■ TASK STATEMENT
The exercise calls for exact output of the lines between the one that contains "Silicone handleThe silicone" and the end of the data, with both ends kept and pictures left out.
(RECORDS SHOWN begins)
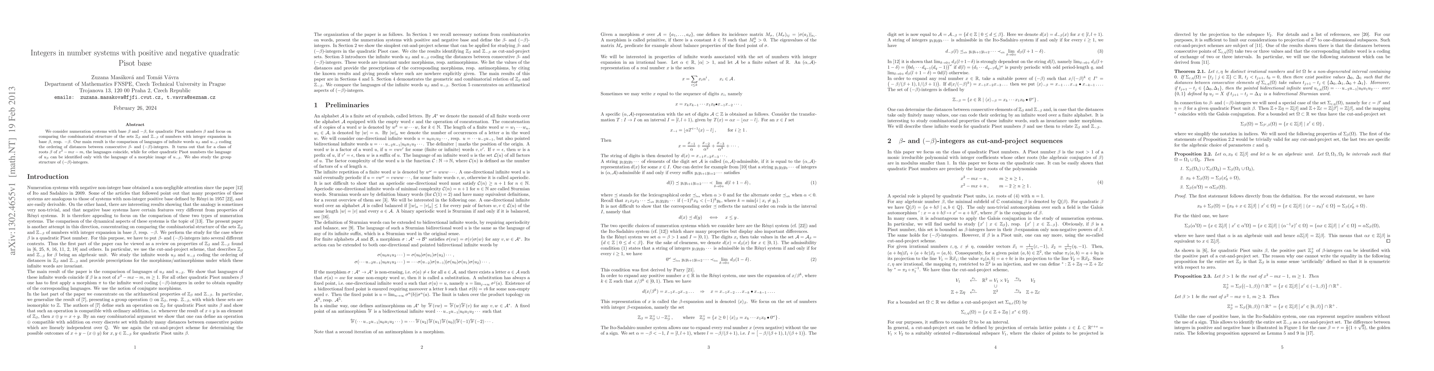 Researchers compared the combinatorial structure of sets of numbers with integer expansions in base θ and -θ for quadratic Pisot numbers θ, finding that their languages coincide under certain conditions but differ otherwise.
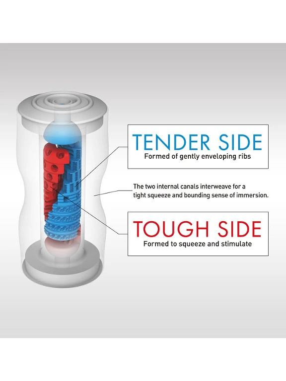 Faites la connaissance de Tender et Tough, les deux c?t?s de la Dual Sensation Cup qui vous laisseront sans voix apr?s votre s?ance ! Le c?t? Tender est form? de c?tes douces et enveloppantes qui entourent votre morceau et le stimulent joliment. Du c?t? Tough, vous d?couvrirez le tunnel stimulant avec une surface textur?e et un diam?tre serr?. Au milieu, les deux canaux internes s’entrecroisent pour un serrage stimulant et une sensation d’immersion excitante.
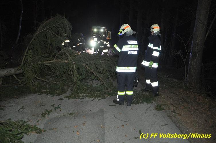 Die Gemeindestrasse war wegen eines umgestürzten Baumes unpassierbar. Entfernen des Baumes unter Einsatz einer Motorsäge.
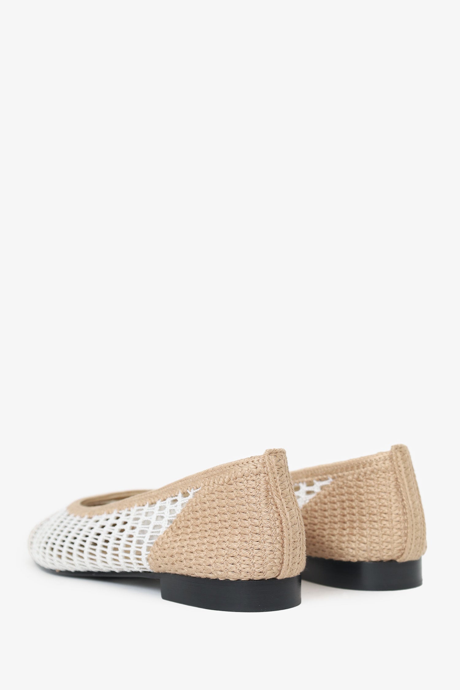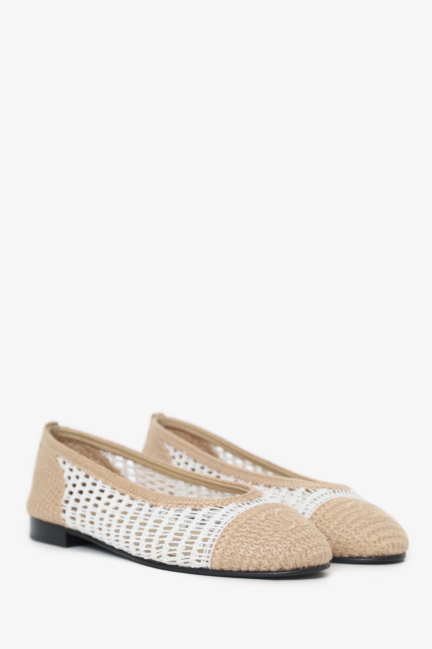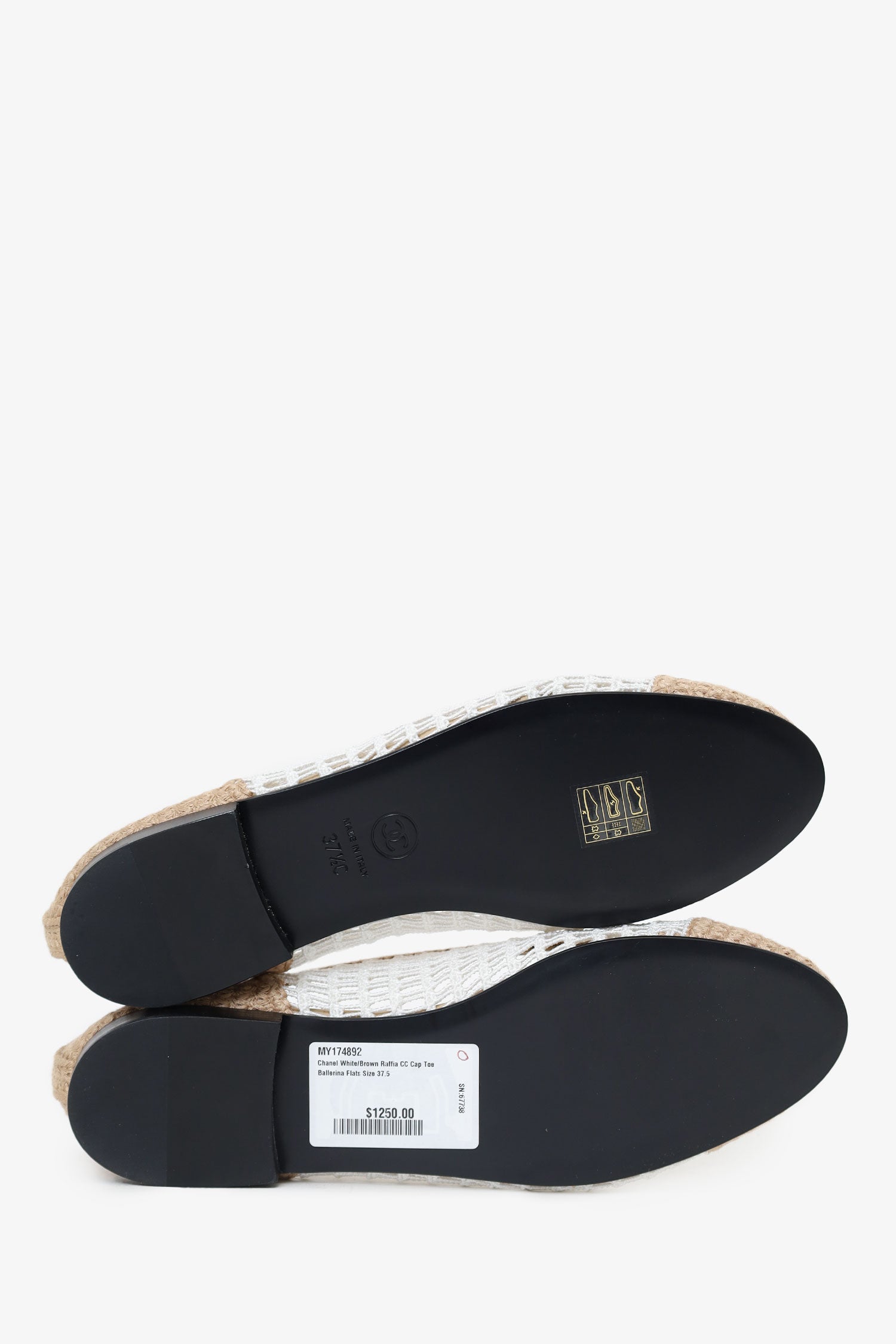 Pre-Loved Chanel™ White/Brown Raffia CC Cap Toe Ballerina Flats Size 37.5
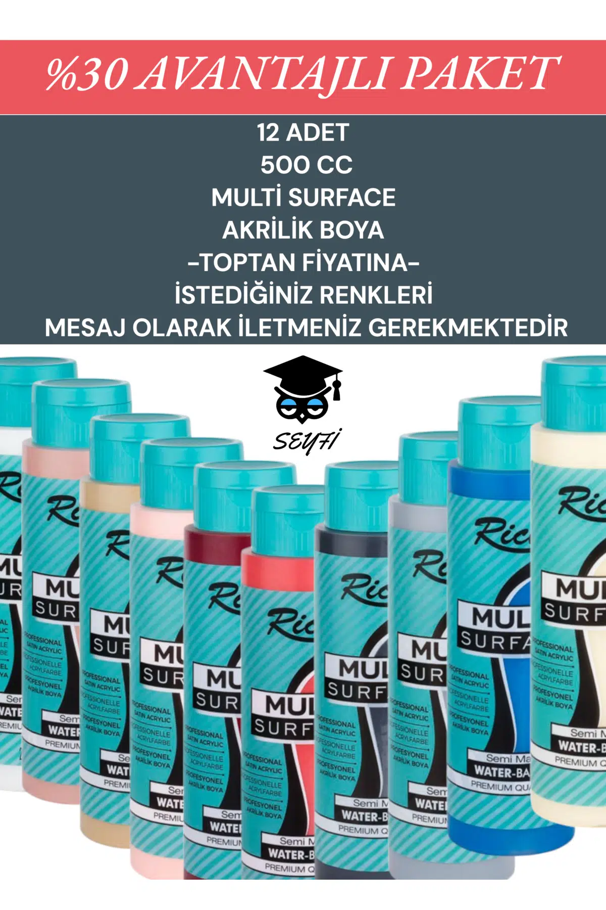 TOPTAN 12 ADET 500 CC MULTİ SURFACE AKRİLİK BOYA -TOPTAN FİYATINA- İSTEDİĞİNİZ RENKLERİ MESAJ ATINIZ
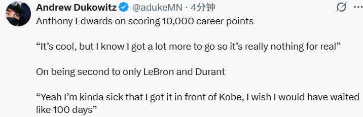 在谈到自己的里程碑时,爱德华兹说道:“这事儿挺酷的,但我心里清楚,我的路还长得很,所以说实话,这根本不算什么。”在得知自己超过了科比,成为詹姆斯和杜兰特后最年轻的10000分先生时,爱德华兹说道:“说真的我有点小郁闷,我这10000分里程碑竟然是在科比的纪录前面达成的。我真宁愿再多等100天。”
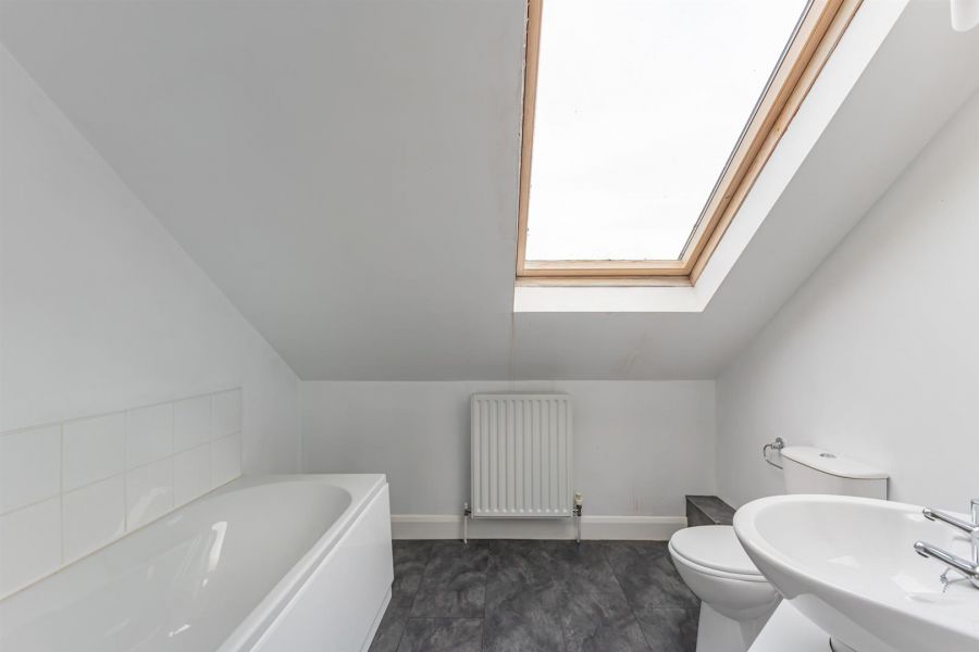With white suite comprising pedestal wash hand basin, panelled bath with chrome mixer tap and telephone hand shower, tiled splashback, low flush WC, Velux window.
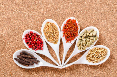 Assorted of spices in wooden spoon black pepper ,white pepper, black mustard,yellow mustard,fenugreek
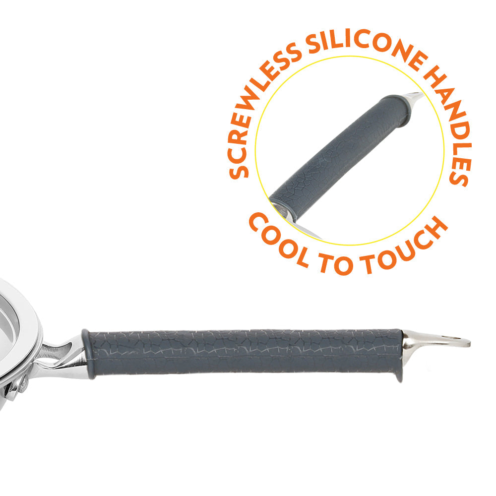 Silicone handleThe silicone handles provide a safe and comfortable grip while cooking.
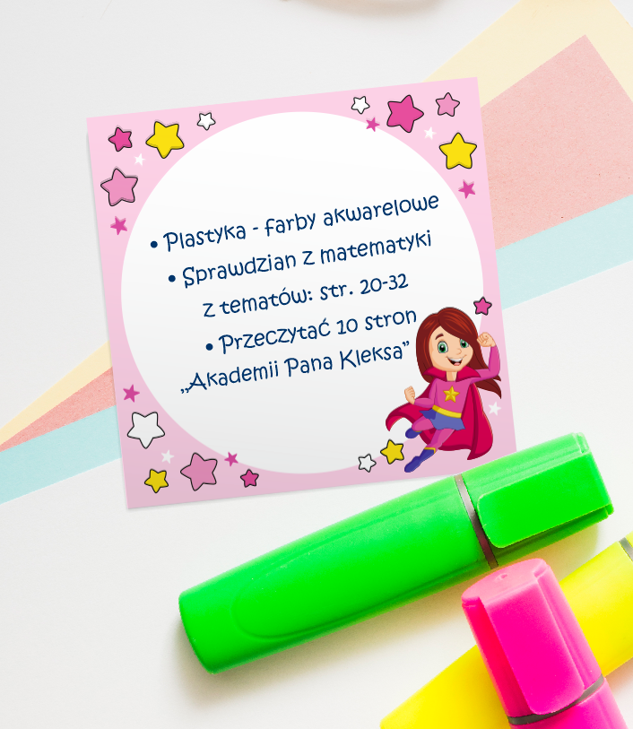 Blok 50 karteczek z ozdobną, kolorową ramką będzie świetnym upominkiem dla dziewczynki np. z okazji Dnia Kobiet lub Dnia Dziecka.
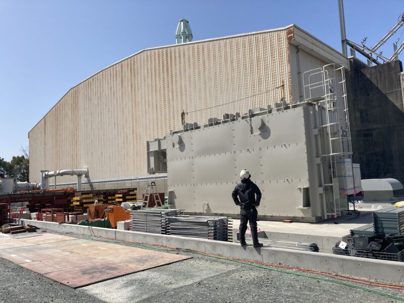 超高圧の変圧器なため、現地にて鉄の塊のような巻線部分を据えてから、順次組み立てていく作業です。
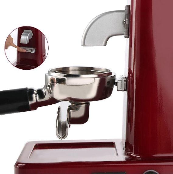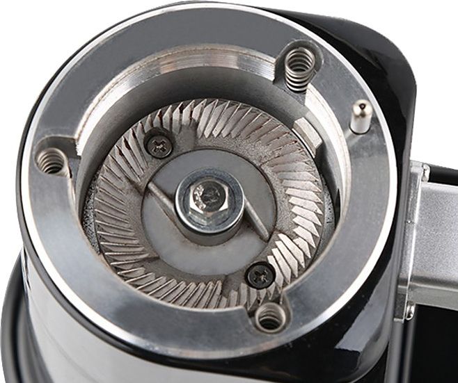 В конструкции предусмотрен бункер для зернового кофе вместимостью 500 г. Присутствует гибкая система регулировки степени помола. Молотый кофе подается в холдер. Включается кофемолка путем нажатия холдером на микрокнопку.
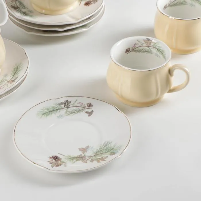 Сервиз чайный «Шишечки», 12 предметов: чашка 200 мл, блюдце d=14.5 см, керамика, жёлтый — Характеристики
(RECORDS SHOWN ends)
■ ANSWER SPACE
 Silicone handleThe silicone handles provide a safe and comfortable grip while cooking.
 Blok 50 karteczek z ozdobną, kolorową ramką będzie świetnym upominkiem dla dziewczynki np. z okazji Dnia Kobiet lub Dnia Dziecka.
 超高圧の変圧器なため、現地にて鉄の塊のような巻線部分を据えてから、順次組み立てていく作業です。
 В конструкции предусмотрен бункер для зернового кофе вместимостью 500 г. Присутствует гибкая система регулировки степени помола. Молотый кофе подается в холдер. Включается кофемолка путем нажатия холдером на микрокнопку.
 Сервиз чайный «Шишечки», 12 предметов: чашка 200 мл, блюдце d=14.5 см, керамика, жёлтый — Характеристики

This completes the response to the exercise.